A professional scientist I know (tenured, professor) recruited me to set up a backtesting framework for a predictive finance model. When the results were not as they expected (this person does not work in finance and never has), they asked to see the code, then told me that claude had found a problem with the way some of the calculations were done (there was actually no problem), supplied the claude comments, and told me to change the code to match what they thought was correct. I did it anyway. Had they had more expertise in the domain (finance), they likely would have been able to leverage claude as a tool rather than inadvertently pursuing a very stupid mistake. Domain experts tend to doubt their ability to excel in other domains which is amplified by LLMs.

Reason077 7 hours ago | parent | next [-]

This sounds rather similar to the form of scientific fraud where you first create a conclusion, then invent/manipulate the data until it supports your conclusion.

zer00eyz 8 hours ago | parent | prev [-]

I work with a bunch of PHD's and have been since before ai coding.

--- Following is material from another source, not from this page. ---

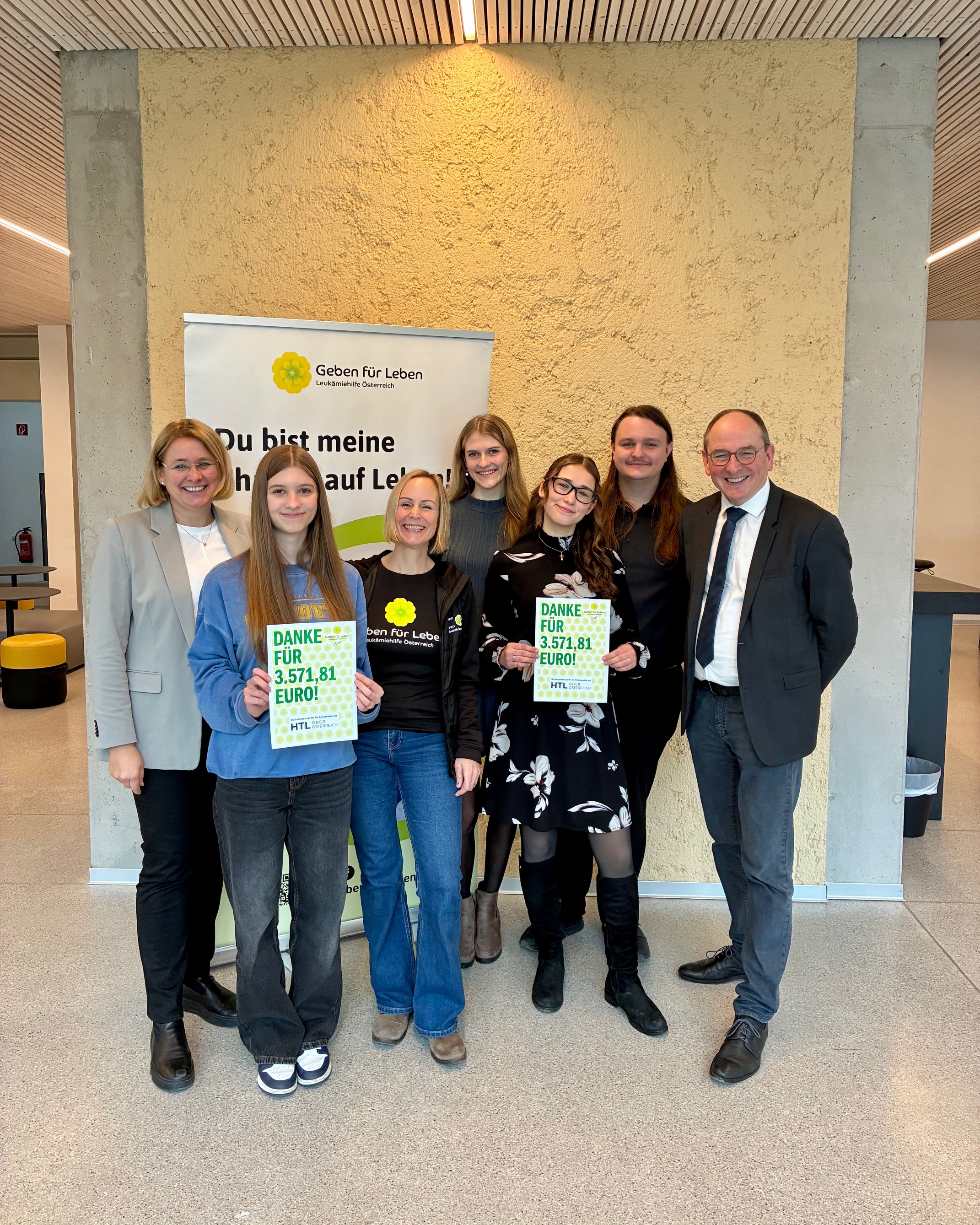 Ein großartiges Zeichen der Solidarität setzten die Schüler:innen aller HTLs in Oberösterreich. Im Rahmen ihres gemeinsamen Sozialprojekts „Hilfe für die Helfer“ wurde eine Geldspendensumme von € 3.700 gesammelt und am 11. Dezember an Geben für Leben – Leukämiehilfe Österreich übergeben.

Their code is aways terrible, and they constantly think it's good.

The exercise is always the same: explain the math to me, like I'm 5, then we profile it and see what is faster.

Oddly Claude Code, integrated into their IDE's has made this situation happen much less.

I never want to work in a place again where the fun way to start the Monday meeting is a "math problem".

PS: Don't even get me started on their SQL.